At his trial in December, Warren plead for his life. He told how he suggested to his wife, on that warm June day, that they walk down to the brook that bordered the field he was plowing and encouraged her to take her shoes and stockings off to cool her feet in the water. Once they were in the stream, Warren seized Julia and held her head under the water until she breathed her last. He loaded her body into a borrowed wagon and, covering her with “sacks and bagging,” drove to the isolated place in Ellington where her body was later found. His confession earned Warren a sentence of life in prison instead of the gallows. He was five days past his 21st birthday.
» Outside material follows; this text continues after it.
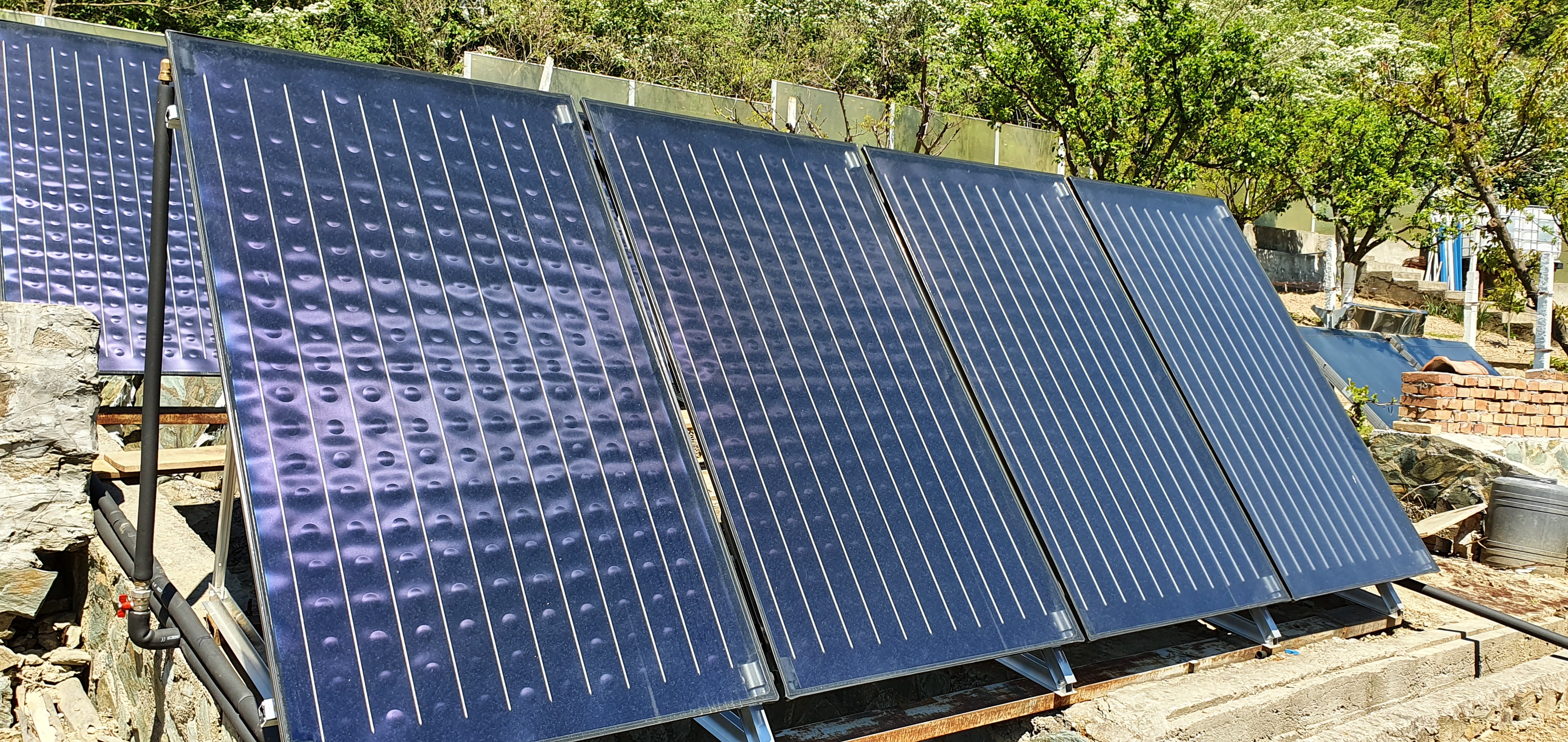 Instalație solară cu 6 panouri plane SKT, pentru preparare de ACM și aport la încălzire

John Warren spent the next 53 years in the Connecticut state penitentiary at Wethersfield. At that time, he was believed to have spent more time behind bars than any other prisoner in the nation. Once incarcerated, Warren became a model prisoner, learning the skills of a cobbler, working in the warden’s garden, and weaving baskets for sale. “He became a trusty in Wethersfield for years, and has won the confidence and sympathy of all the prison officials,” the Springfield Daily News reported. His repeated applications for parole were denied, however, until 1912, when he was finally granted his freedom by the Board of Pardons. He was 74 years old. Ironically, he asked that his release be delayed by a couple of days until he could train a replacement for his prison duties. John P. Warren, the wife-murderer, went to live with his brothers and died a few years after his release. He was buried in the Storrs Cemetery in his native town of Mansfield, Connecticut.
So what happened to the rest of Julia’s family? Not surprisingly, the family’s poverty, the Civil War, and Julia’s tragic death combined to present a picture of fractured families, out-of-wedlock children, and infant deaths. Julia’s youngest sibling, Delia, died in Belchertown of consumption at age 21.
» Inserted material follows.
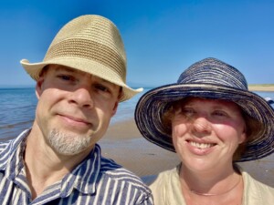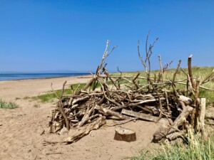 Hi All š My entry for Debbie’s Six Word Saturday. Susan and I enjoying a walk on South Beach in Troon while keeping the sun off.

Her only brother, and the oldest sibling, was Harrison D. Town. Already the parents of a child, Harrison Town and Melissa Bolton married in 1861, before he joined the Union Army to fight in the Civil War. While he was away, both of his little children died. He returned in 1864 and rejoined his wife, who had been supported by Belchertown during the war. Melissa died three years later at age 29. Harrison remarried the following year and his second wife gave birth to a daughter, but the marriage didn’t last. He married for a third time and fathered two more children. Harrison Town died in 1894 and is buried in Rural Cemetery in Belchertown with his first wife and two infant children.
Mary was older than Julia by a couple of years. With a child on the way, Mary married David Lemon of Ludlow in 1858. The infant died. The couple had three more children, though, before Lemon joined the Union Army in August of 1862. Within three months of his enlistment, two more of his children had died in Belchertown. David was discharged for disability in 1863. Another child would be stillborn before David Lemon, himself, passed away in 1875. Only two of the couple’s children survived. Mary remarried in 1877 and had one more child, Harry Asher Chapin, who would, ironically, manage the Greenfield town poor farm.
Lucy, younger than Julia by about seven years, had a child out of wedlock in 1863 of whom nothing more is known after 1865. Lucy married in 1867 to David Tewell, a spinner in a woolen mill in Holyoke, where the couple lived for a time. The marriage lasted 35 years until David’s death in 1902, but apparently they had no children together.
Emily Town, the wayward sibling who spent part of her youth in reform school, seems to have led a relatively normal, if short, adult life. She apparently returned to Willington to marry Solomon Haskell of Coventry, Rhode Island, in 1864. The couple then moved to Providence and raised two boys to adulthood before she passed away in 1892 at age 46. Ironically, her body lies in the Storrs Cemetery in Mansfield – the same cemetery where her sister’s murderer was buried in 1916, having outlived them all.